Of course, there is not just one environment for all science. There are vast differences between fields of science, locations of laboratories, and global cultures. But perhaps there is something characteristic of science environments. And perhaps those environments contribute in some essential way to the practice of science. Do science environments arise from the scientific culture, or do they environments help build and reinforce scientific cultures?

These are all topics and questions that this blog will try to address. I realize that it’s an area I’ve been skirting around for a long time, and has influenced a large number of stories in my day time job editing symmetry magazine. As an ex-research physicist who came to gain a different view of science as a journalist, the environments of science and how they are shaped by and shape scientific endeavors have become clearer.
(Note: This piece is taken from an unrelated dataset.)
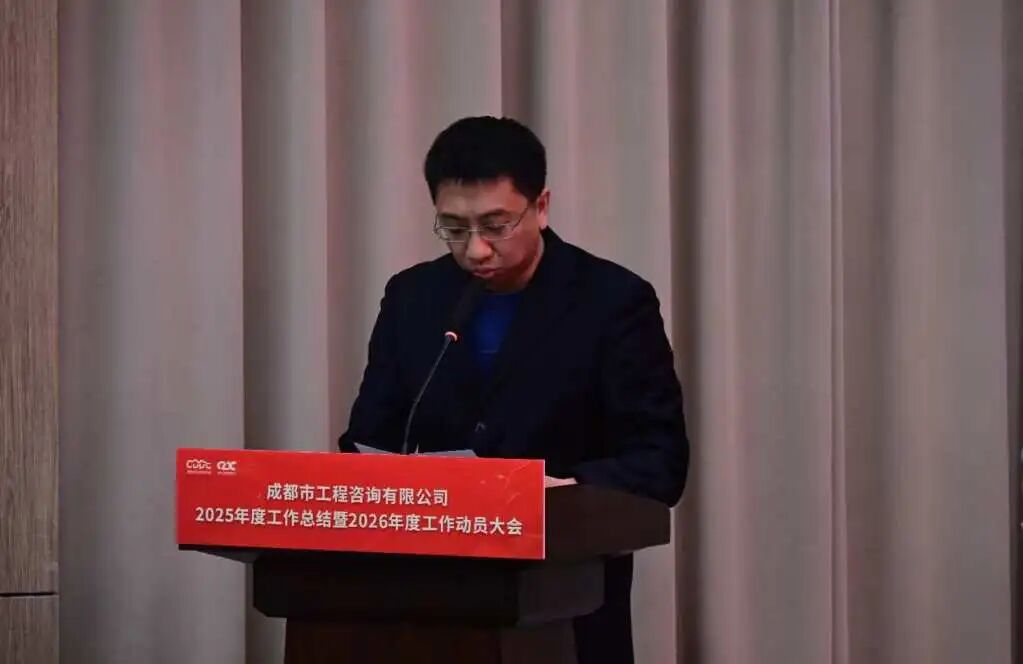 馬躍開新局,咨繪高質(zhì)量。1月28日,成都市工程咨詢有限公司召開2025年度工作總結(jié)暨2026年度工作動(dòng)員大會(huì)。集團(tuán)黨委副書記、副董事長(zhǎng)、總經(jīng)理陸輝,集團(tuán)黨委專職副書記、董事、工會(huì)主席劉洋海出席。公司黨總支書記、董事、總經(jīng)理陳崎虎主持會(huì)議。公司領(lǐng)導(dǎo)班子、公司及魚鳧咨詢公司全體員工參加會(huì)議。

The scope will be fairly broad, driven mainly by examples, from which I hope to see various recurrent themes. I’ll be exploring connections between science and physical space, tools, architecture, design, objects, fashion, location, sensory experiences, processes, and cultural constructs. Many of the examples will be from the world of physics, as it is the area I have strongest connections with but I will be looking for guest commentaries from others that concentrate on other scientific fields. For now, I’m not going to try to be comprehensive, but just observe, describe, and conjecture about the environments of science.